And they took hold of him and brought him to the Areopagus, saying, ‘May we know what this new teaching is which you present? For you bring some strange things to our ears; we wish to know therefore what these things mean.’ Now all the Athenians and the visiting foreigners spent their time in nothing except telling or hearing something new (τι καινότερον, something newer). So Paul, standing in the middle of the Areopagus, said: ‘Men of Athens, I perceive that in every way you are very religious. For as I passed along, and observed the objects of your worship, I found also an altar with this inscription, ‘To an unknown god.’ What therefore you worship as unknown, this I proclaim to you…’” (Acts 17: 19-23)

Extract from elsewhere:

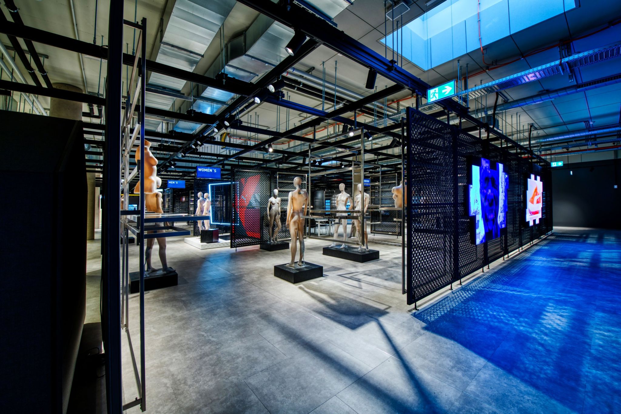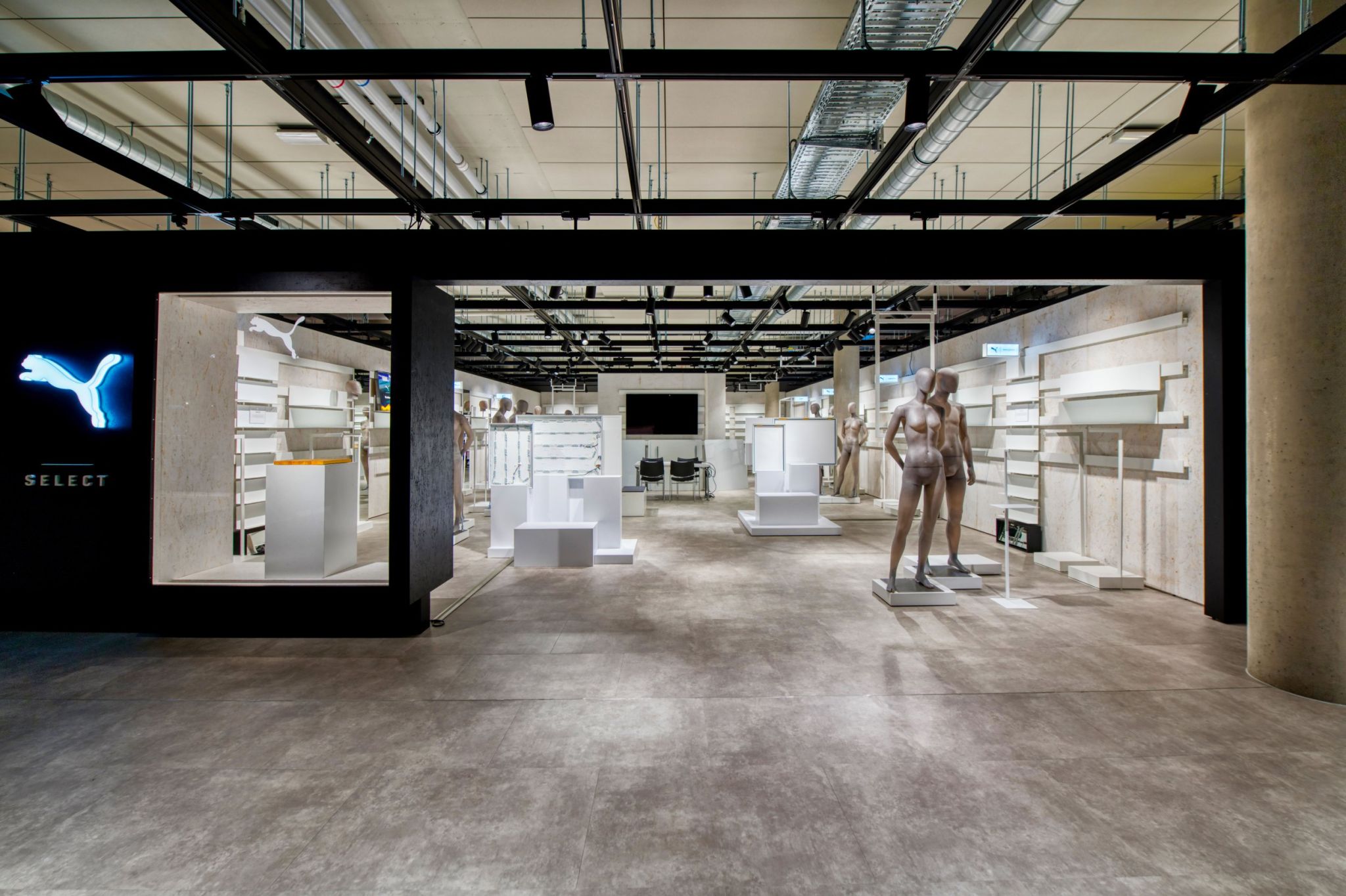 In 2020, an area of 3,000 square meters was created in the PUMA Brand Center at the headquarters of the sporting goods manufacturer, where new collections and store concepts are staged. It can also be used for meetings and conferences. To achieve the greatest possible flexibility, the Multi-Lane ceiling system from Visplay was installed throughout the entire area.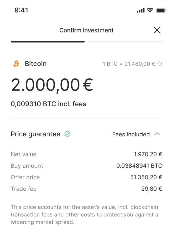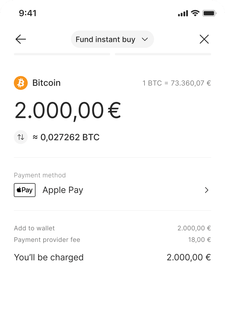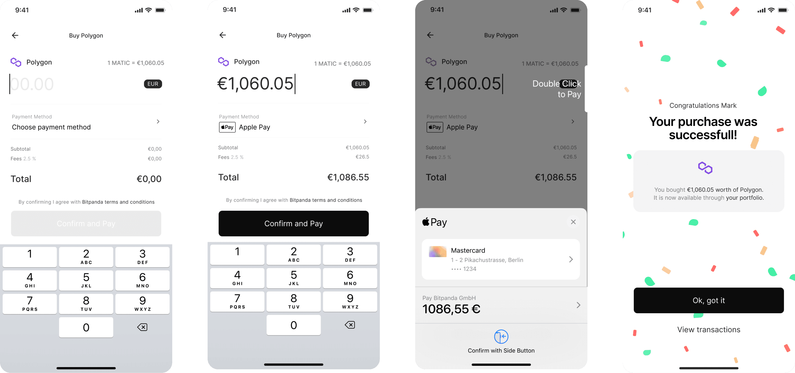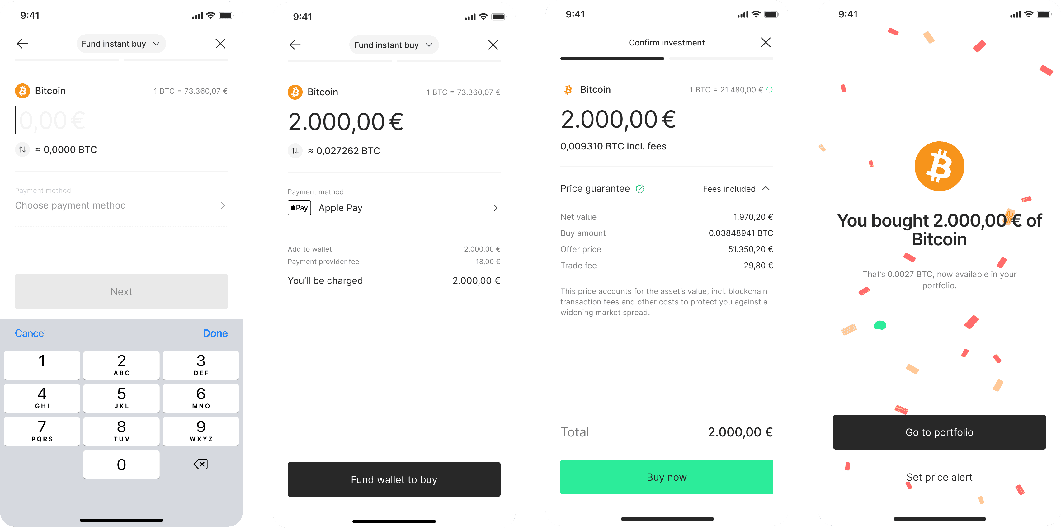 The final flow was divided in two steps, so cannot be said that is a seamless experience anymore. The user would define how much they want to buy and what payment method they want to use first. After the payment is processed, they would arrive to the "confirm investment" screen where they can then confirm the trade.

So these people, who “spent their time in nothing except telling or hearing something new,” were somewhat like us. We also spend a lot of our time keeping up with “the news” and sharing it. St. Paul takes advantage of this penchant of the people for “news” in Athens, to share “the good news” with them.

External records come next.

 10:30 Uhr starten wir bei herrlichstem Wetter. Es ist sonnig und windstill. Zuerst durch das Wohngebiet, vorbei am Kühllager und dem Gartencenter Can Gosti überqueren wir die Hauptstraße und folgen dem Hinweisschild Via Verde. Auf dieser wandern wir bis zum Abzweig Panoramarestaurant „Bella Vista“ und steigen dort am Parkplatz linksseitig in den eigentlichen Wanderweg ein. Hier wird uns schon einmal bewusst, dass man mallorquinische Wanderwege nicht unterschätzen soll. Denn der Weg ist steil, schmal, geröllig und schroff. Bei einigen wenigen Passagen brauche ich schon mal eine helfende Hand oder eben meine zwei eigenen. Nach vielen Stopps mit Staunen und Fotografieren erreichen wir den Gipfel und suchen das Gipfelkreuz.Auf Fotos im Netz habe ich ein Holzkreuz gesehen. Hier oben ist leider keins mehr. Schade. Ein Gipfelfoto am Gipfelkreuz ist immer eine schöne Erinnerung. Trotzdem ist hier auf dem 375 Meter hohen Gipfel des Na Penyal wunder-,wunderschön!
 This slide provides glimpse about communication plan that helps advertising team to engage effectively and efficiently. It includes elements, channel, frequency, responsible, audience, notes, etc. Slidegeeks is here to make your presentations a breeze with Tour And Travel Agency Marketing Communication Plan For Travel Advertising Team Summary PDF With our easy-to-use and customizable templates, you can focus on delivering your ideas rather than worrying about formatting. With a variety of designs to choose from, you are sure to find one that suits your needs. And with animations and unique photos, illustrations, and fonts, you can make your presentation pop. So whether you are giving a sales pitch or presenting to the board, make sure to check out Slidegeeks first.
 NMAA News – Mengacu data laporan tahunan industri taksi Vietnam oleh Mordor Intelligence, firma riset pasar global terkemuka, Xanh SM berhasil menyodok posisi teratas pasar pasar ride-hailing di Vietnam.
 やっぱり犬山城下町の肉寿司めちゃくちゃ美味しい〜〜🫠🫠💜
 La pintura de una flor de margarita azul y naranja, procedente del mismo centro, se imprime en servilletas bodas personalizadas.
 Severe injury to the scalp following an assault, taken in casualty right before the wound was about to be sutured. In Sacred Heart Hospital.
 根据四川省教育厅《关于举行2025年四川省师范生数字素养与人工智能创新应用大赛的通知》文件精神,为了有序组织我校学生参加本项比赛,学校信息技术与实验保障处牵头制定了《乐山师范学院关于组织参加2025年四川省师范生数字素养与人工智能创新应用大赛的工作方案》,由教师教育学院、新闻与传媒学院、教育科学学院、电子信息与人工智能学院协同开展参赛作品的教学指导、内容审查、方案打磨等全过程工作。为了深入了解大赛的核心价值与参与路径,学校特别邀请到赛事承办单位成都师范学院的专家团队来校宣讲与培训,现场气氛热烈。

Can the apostles and preachers of our time take advantage of our addiction to “the news”? The problem with doing that in our time, one might think, is that “the good news” is no longer “new” for us. But it can be, and should be, if we internalize and contextualize the word of God in today’s world, giving birth to it again and again, in ever-new ways, in our here and now, rather than engaging in what Fr. George Florovsky called “a theology of repetition,” or merely repeating quotes of dead theologians. St. Paul contextualizes the life-giving word of God by noting something familiar to the Athenians of his time, “an altar with the inscription, ‘To an unknown God,” and using this familiar object to catch their attention.

Let me go and do likewise, whenever I am called to share “the good news” in my day, that it may be what it is meant to be, ever-“new” and relevant, to every generation, including mine.